Consider the GDP information in global_economy. Plot the GDP per capita for each country over time. Which country has the highest GDP per capita? How has this changed over time?

global_economy <- global_economy
ggplot(global_economy)+
  geom_line(aes(x = Year,y = GDP,color = Country),show.legend = FALSE)+
  theme(legend.position = NULL)

## Warning: Removed 3242 row(s) containing missing values (geom_path).

countries_only <- global_economy[complete.cases(global_economy),]
countries_only$Country[which(countries_only$GDP == max(countries_only$GDP))]

## [1] United States
## 263 Levels: Afghanistan Albania Algeria American Samoa Andorra ... Zimbabwe

countries_only$GDP[which(countries_only$GDP == max(countries_only$GDP))]

## [1] 1.862448e+13

ggplot(countries_only)+
  geom_line(aes(x = Year,y = GDP,color = Country),show.legend = FALSE)+
  theme(legend.position = NULL)

The USA has the highest GDP among all countries. The GDP of the USA was higher than any other country for every year since 1960.

Per Capita, it is a bit different.

countries_only$per_capita <- countries_only$GDP / countries_only$Population
ggplot(countries_only)+
  geom_line(aes(x = Year,y = per_capita,color = Country),show.legend = FALSE)+
  theme(legend.position = NULL)

countries_only$Country[which(countries_only$per_capita == max(countries_only$per_capita))]

## [1] Luxembourg
## 263 Levels: Afghanistan Albania Algeria American Samoa Andorra ... Zimbabwe

countries_only$per_capita[which(countries_only$per_capita == max(countries_only$per_capita))]

## [1] 119225.4

Luxembourg has the highest GDP per capita, and it has taken off in the last 25 years. In 1980, the GDP per capita in Luxembourg was indistinguishable among the other countries.

Question 3.2

For each of the following series, make a graph of the data. If transforming seems appropriate, do so and describe the effect.

United States GDP from global_economy. Slaughter of Victorian “Bulls, bullocks and steers” in aus_livestock. Victorian Electricity Demand from vic_elec. Gas production from aus_production.

us <- subset(global_economy,Code == "USA")

autoplot(us)

## Plot variable not specified, automatically selected `.vars = GDP`

To see the lower State counts, I performed a log transform.
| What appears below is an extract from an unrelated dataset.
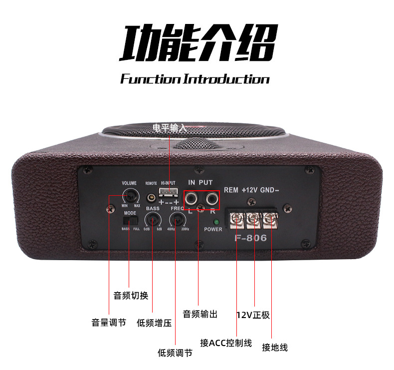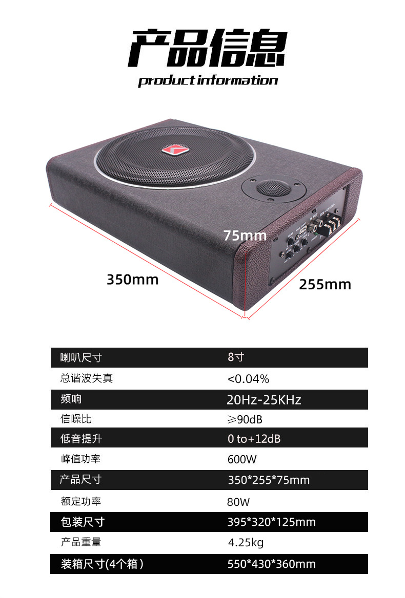 고음 활성 가죽 질감 오디오 8inch 자동차 초박형 서브우퍼를 갖춘 고출력 자동차 12V를 직접 판매하는 제조업체스토어 가기
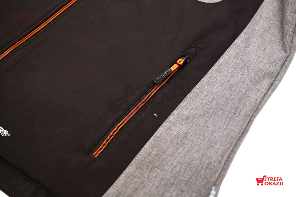 Nowość marki Lahti Pro. Kurtka męska softshell z kapturem model L40916. Kurtka wykonana z tkaniny typu softshell stu procentowego poliestru o gramaturze 310g/m2 na podszewce z micropolaru o gramaturze 160g/m2. Specjalna trój warstwowa tkanina softshell z membraną TPU o wodoodporności 8000mm i oddychalność na poziomie 3000g/m2/24h gwarantuje bardzo wysoki komfort użytkowania. Kurtka ma pięć kieszeni trzy zewnętrzne zamykane na suwak oraz dwie wewnętrzne. Kurtka posiada odpinany kaptur z możliwością regulacji szerokości. Dodatkowa osłona na suwak pod szyją oraz odblaskowe elementy sprawiają że kurtka ma bardzo fajny design oraz jest bardzo wygodna. Rękawy z regulacją na rzep. Szerokość dołu kurtki regulowana za pomocą specjalnego ściągacza. Kurtka posiada deklarację CE oraz normę EN ISO 13688. Jest w pierwszej kategorii środków ochrony indywidualnej.

This made the data appear much less variable and it makes the counts appear nearer to one another than they are. This was done in order to better visualize the lower counts.

livestock <- aus_livestock

bulls_bullocks <- subset(livestock,Animal == "Bulls, bullocks and steers")

autoplot(bulls_bullocks)

## Plot variable not specified, automatically selected `.vars = Count`

bulls_bullocks$Count <- log(bulls_bullocks$Count)

autoplot(bulls_bullocks)

## Plot variable not specified, automatically selected `.vars = Count`

autoplot(vic_elec)

## Plot variable not specified, automatically selected `.vars = Demand`

autoplot(aus_production,Gas)

Question 3.3

Why is a Box-Cox transformation unhelpful for the canadian_gas data?

can_gas <- canadian_gas

lambda <- can_gas %>%
  features(Volume, features = guerrero) %>%
  pull(lambda_guerrero)

transform <- box_cox(can_gas$Volume,lambda)

autoplot(can_gas)

## Plot variable not specified, automatically selected `.vars = Volume`

autoplot(can_gas,transform)

The box-cox transformation hardly does anything here because the variance in the data does not increase on a logarithmic scale. Box-Cox transformations are better used in cases where the variance in the data increases or decreases dramatically.

Question 3.4

What Box-Cox transformation would you select for your retail data (from Exercise 8 in Section 2.10)?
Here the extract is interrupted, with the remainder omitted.